Finally proves a high hard ferrite due to its abrasive effect and the associated increased Tool wear too as unfavorable for the Manufacturing process of the rotor.
outgoing From this prior art, it is an object of the invention with a liquid pump to provide an improved rotor. This task is done by a liquid pump according to claim 1, a rotor according to claim 13 and by a method of manufacturing a rotor according to claim 14 solved.
Disclosure of the invention
According to the invention a liquid pump an electric drive and a housing having disposed therein Rotor, wherein the rotor in an electrical section a Runner of the electric drive and hydraulic in a hydraulic section impeller forms. The rotor is as a two-component molded part with a the runner structure forming electrical component and an impeller structure forming hydraulic component. Due to the two-part construction The rotor simplifies manufacturing, as in each of the two Part injection processes significantly easier molded molded parts produced become. Thus, for example, the production is particularly filigree wing structures the hydraulic side facilitates.

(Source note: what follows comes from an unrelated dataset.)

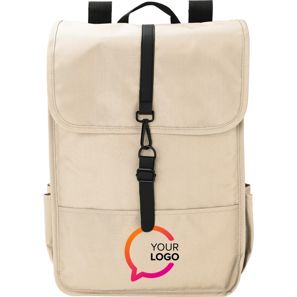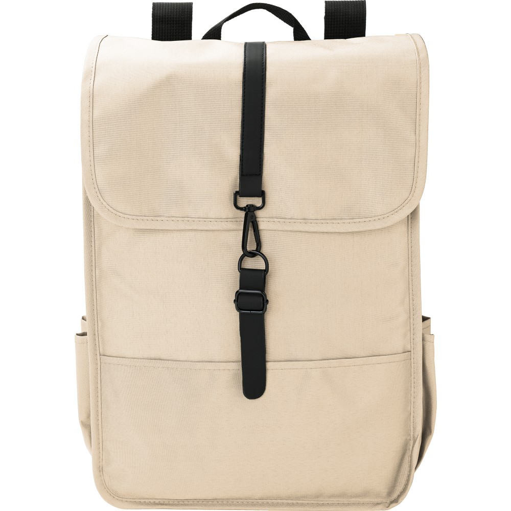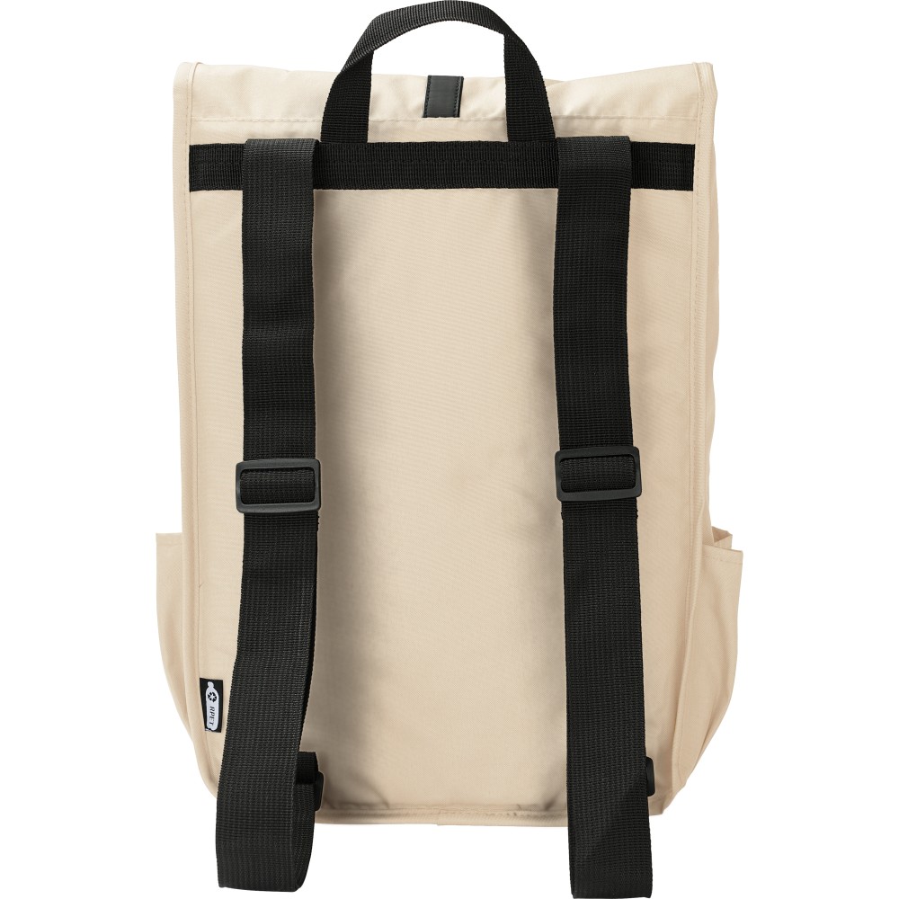 Hátizsák. Két palackzseb az oldalán, egy nagy rekesz. Fekete PU pánttal, csattal zárható. 300D RPET poliészter. Emblémázás: Szitanyomás

In an advantageous embodiment of the invention, it is provided that the two components have different material properties point. The first component consists of a magnetic material and the second component of a liquid and temperature-resistant plastic material. The use of different materials allows individual optimization of both rotor parts according to their respective task. In particular, a plastic material with special mechanical properties can be used for the hydraulic impeller, with the particularly filigree Flügelradkonturen can be formed. This allows a further optimization of the hydraulic side in terms of efficiency.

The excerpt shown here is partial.